PROVIDED RECORDS Start Marker

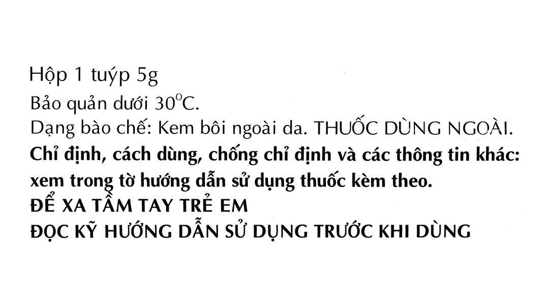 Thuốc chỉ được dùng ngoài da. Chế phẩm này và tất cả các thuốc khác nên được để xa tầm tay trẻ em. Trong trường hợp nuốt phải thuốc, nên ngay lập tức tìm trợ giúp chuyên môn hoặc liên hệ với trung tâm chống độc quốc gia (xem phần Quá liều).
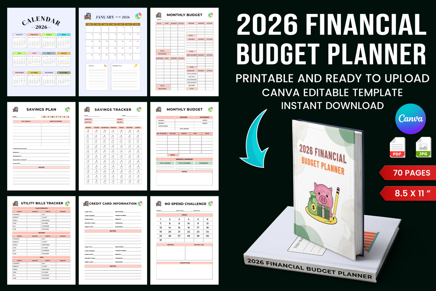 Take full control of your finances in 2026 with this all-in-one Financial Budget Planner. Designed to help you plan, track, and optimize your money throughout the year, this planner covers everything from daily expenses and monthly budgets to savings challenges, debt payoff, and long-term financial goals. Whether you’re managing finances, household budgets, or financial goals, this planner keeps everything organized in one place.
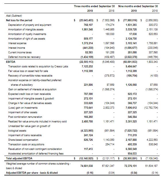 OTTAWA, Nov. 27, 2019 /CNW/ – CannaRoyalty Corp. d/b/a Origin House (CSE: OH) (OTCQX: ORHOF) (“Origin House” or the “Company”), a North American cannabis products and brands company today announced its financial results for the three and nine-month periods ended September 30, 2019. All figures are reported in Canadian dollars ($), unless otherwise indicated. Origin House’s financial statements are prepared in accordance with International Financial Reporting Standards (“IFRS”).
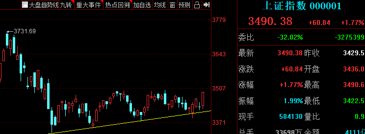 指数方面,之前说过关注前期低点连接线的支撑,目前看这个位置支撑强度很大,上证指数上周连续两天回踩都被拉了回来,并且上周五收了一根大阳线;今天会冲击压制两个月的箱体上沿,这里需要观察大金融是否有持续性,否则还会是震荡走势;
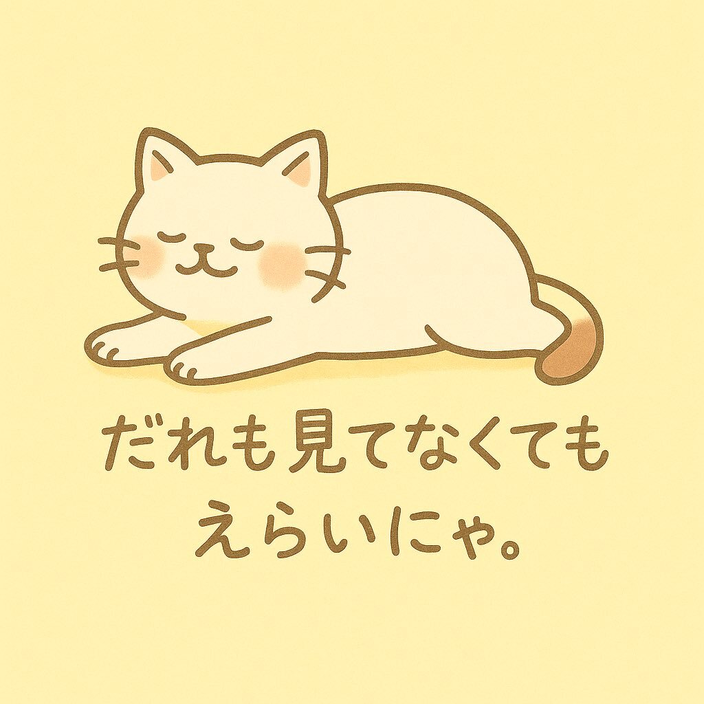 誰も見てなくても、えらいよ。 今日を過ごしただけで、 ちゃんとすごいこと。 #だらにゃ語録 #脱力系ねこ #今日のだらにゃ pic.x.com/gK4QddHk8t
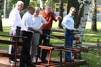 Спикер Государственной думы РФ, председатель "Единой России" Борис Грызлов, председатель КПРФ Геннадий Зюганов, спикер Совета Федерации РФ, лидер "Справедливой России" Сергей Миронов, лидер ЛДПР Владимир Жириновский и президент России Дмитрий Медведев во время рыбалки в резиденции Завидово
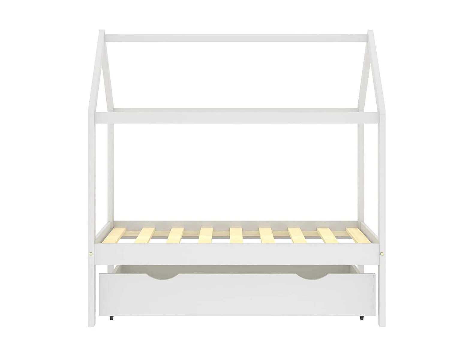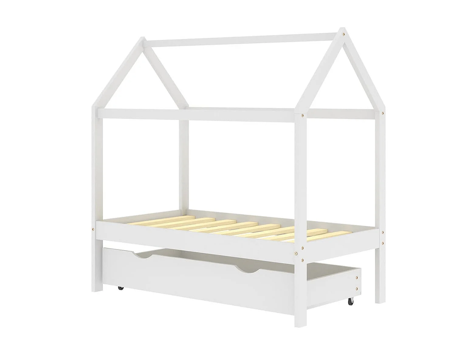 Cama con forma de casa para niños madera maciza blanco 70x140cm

PROVIDED RECORDS End Marker
PROVIDED RECORDS Start Marker

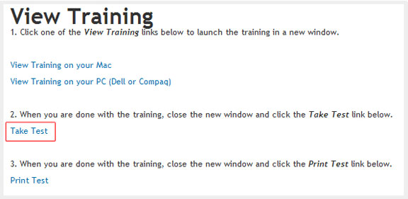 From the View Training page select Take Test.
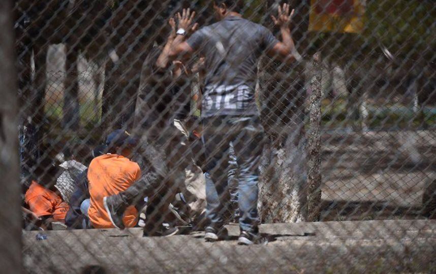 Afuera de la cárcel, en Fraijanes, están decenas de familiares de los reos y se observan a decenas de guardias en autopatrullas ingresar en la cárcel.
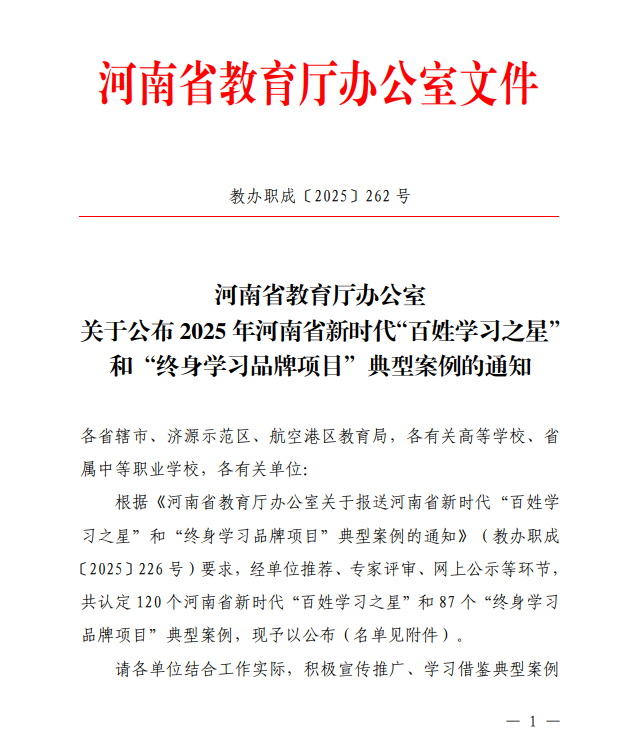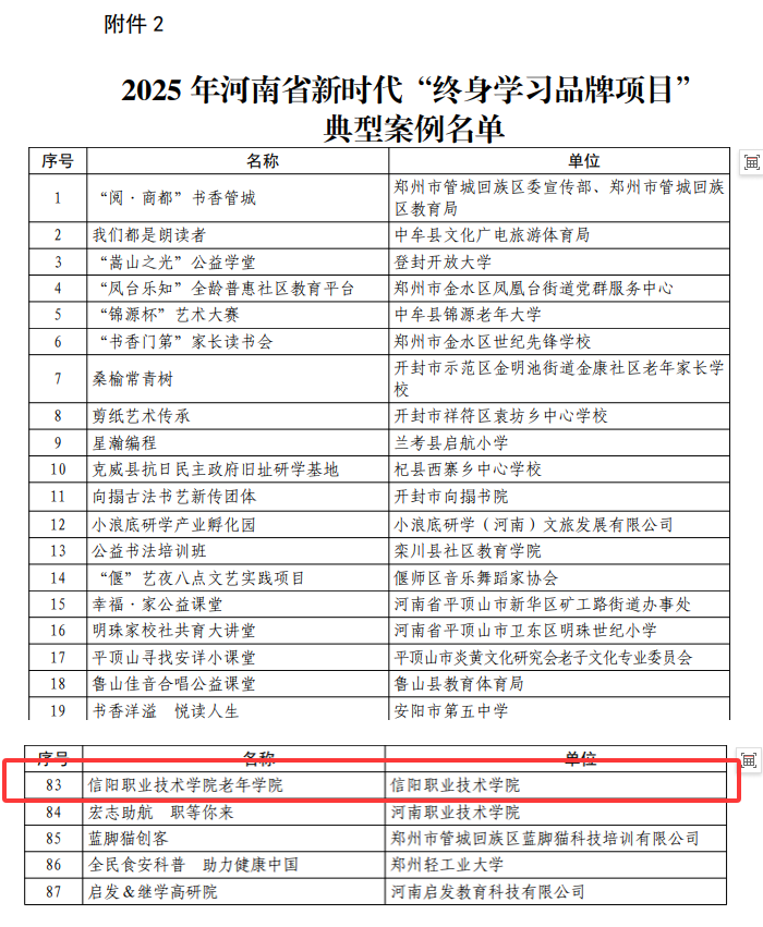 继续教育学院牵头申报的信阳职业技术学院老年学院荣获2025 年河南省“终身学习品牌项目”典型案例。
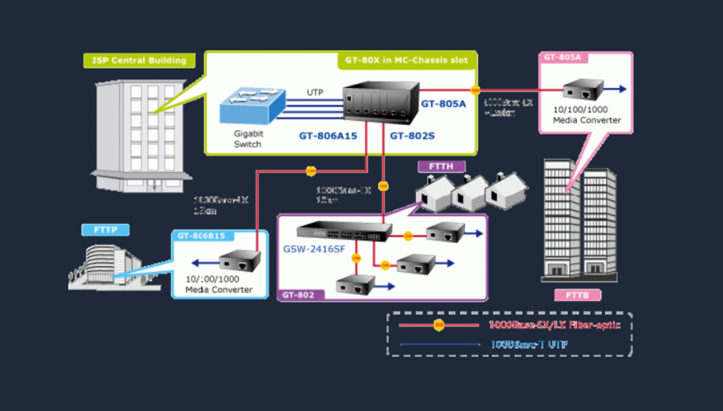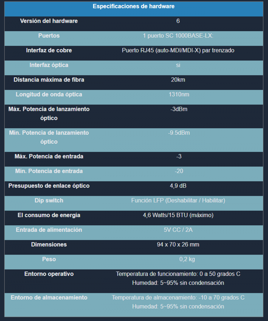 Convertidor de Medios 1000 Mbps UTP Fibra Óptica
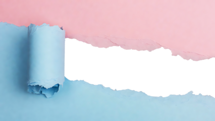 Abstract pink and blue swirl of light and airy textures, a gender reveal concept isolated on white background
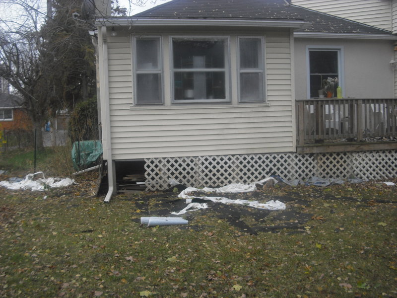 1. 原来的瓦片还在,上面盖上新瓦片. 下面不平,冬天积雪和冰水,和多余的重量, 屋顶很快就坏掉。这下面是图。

PROVIDED RECORDS End Marker

▶ EXERCISE AIM
Output only the lines above from the one containing "Thuốc chỉ được" to the one containing "OTTAWA, Nov. 27, 2019", both included, exactly as written and with no pictures.

▶ RESPONSE TO THE EXERCISE
 Thuốc chỉ được dùng ngoài da. Chế phẩm này và tất cả các thuốc khác nên được để xa tầm tay trẻ em. Trong trường hợp nuốt phải thuốc, nên ngay lập tức tìm trợ giúp chuyên môn hoặc liên hệ với trung tâm chống độc quốc gia (xem phần Quá liều).
 Take full control of your finances in 2026 with this all-in-one Financial Budget Planner. Designed to help you plan, track, and optimize your money throughout the year, this planner covers everything from daily expenses and monthly budgets to savings challenges, debt payoff, and long-term financial goals. Whether you’re managing finances, household budgets, or financial goals, this planner keeps everything organized in one place.
 OTTAWA, Nov. 27, 2019 /CNW/ – CannaRoyalty Corp. d/b/a Origin House (CSE: OH) (OTCQX: ORHOF) (“Origin House” or the “Company”), a North American cannabis products and brands company today announced its financial results for the three and nine-month periods ended September 30, 2019. All figures are reported in Canadian dollars ($), unless otherwise indicated. Origin House’s financial statements are prepared in accordance with International Financial Reporting Standards (“IFRS”).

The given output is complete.